Despite the pain in his head, Conrad forced himself to concentrate on the predicament in which he found himself. He remembered how Rose had slipped into the hotel in disguise and gotten the drop on him. The exchange she’d had with McKinney proved the two of them were working together. Conrad didn’t know if that had been the case from the start, or if Rose had gone to McKinney for help after her true identity as a hired killer had been discovered.

It didn’t really matter, he told himself. What was important was that two very deadly enemies of his had teamed up . . . and he was now their prisoner.

So far he hadn’t budged as awareness came back to him. He remained as motionless as possible. The wagon’s bumps and jolts made him move a little, but he kept his muscles limp so that would look natural. The longer he could keep them from realizing he had regained consciousness, the better.

When he got a chance to make a break for freedom, he wanted to take them by surprise.

He wondered how long he had been out cold.
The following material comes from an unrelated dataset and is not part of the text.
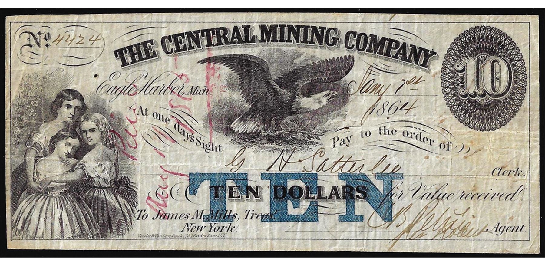 One 1864 $10 Central Mining Company Eagle Harbor, Michigan Obsolete Note.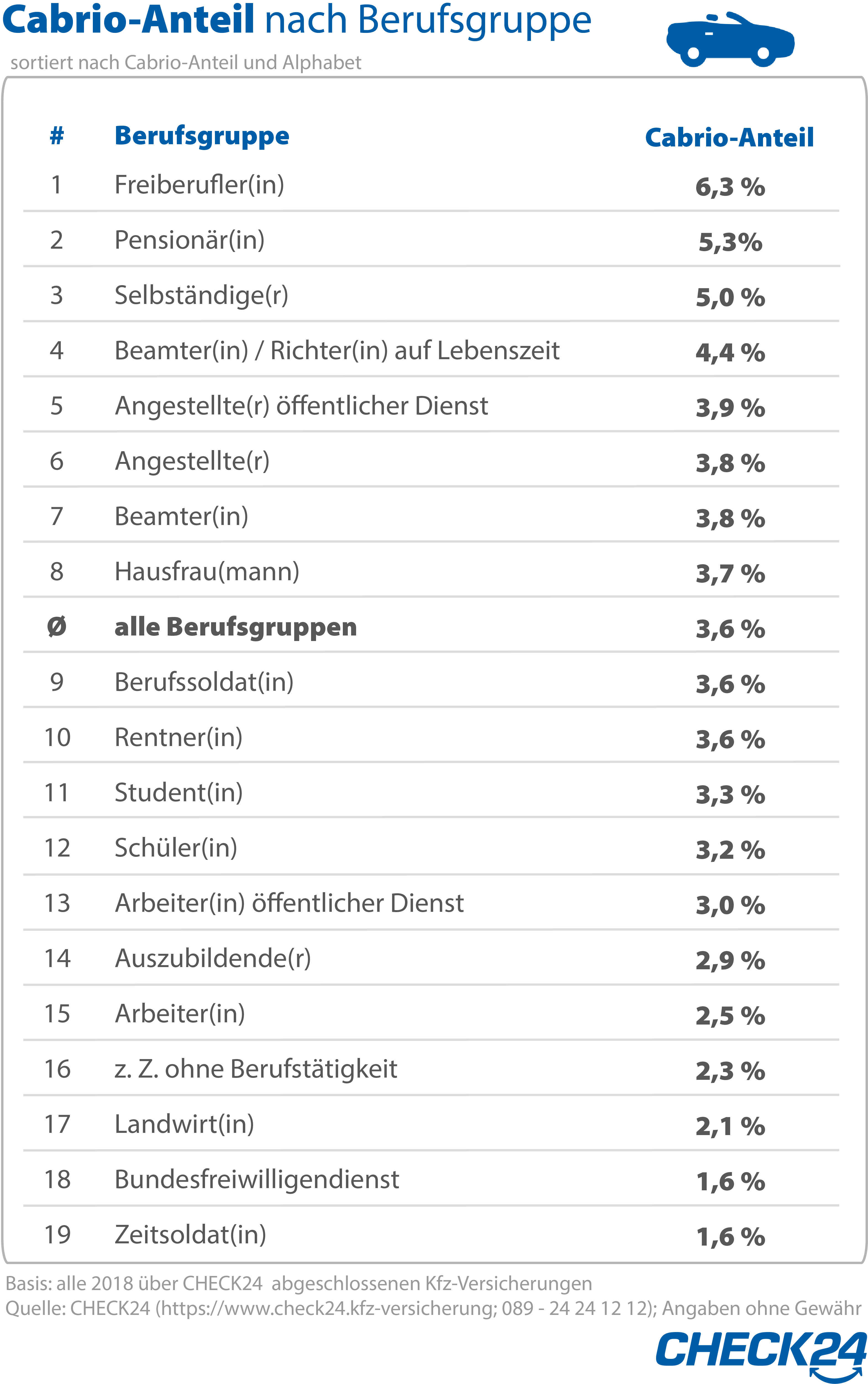Zurück zu Freiberufler und Pensionäre am häufigsten mit dem Cabrio unterwegs

It seemed like a long time, hours, maybe, but he knew that feeling could be deceptive.

Along with the hoofbeats of the team pulling the wagon, he could hear other horses. Outriders, more than likely. Maybe McKinney himself, since he struck Conrad more as the type to ride a horse than sit on a wagon.

Rose would be on the wagon. He considered the possibility of throwing off the enshrouding blanket, grabbing her, and using her as a hostage.

It wouldn’t work, he decided. For one thing, he was too likely to get tangled up in the blanket and slowed down by it. For another, just because McKinney and Rose were working together didn’t mean that he gave a damn what happened to her. If Conrad threatened to kill her, McKinney might just laugh and tell him to go ahead.

Anyway, he wasn’t the sort of man who used a woman as a shield, even a dangerous woman like Rose Sullivan. He would have to find another way out of the mess.

And it would have to be soon, because he heard McKinney say, “There it is. The Double Star ranch. The last place that bastard Browning will ever see.”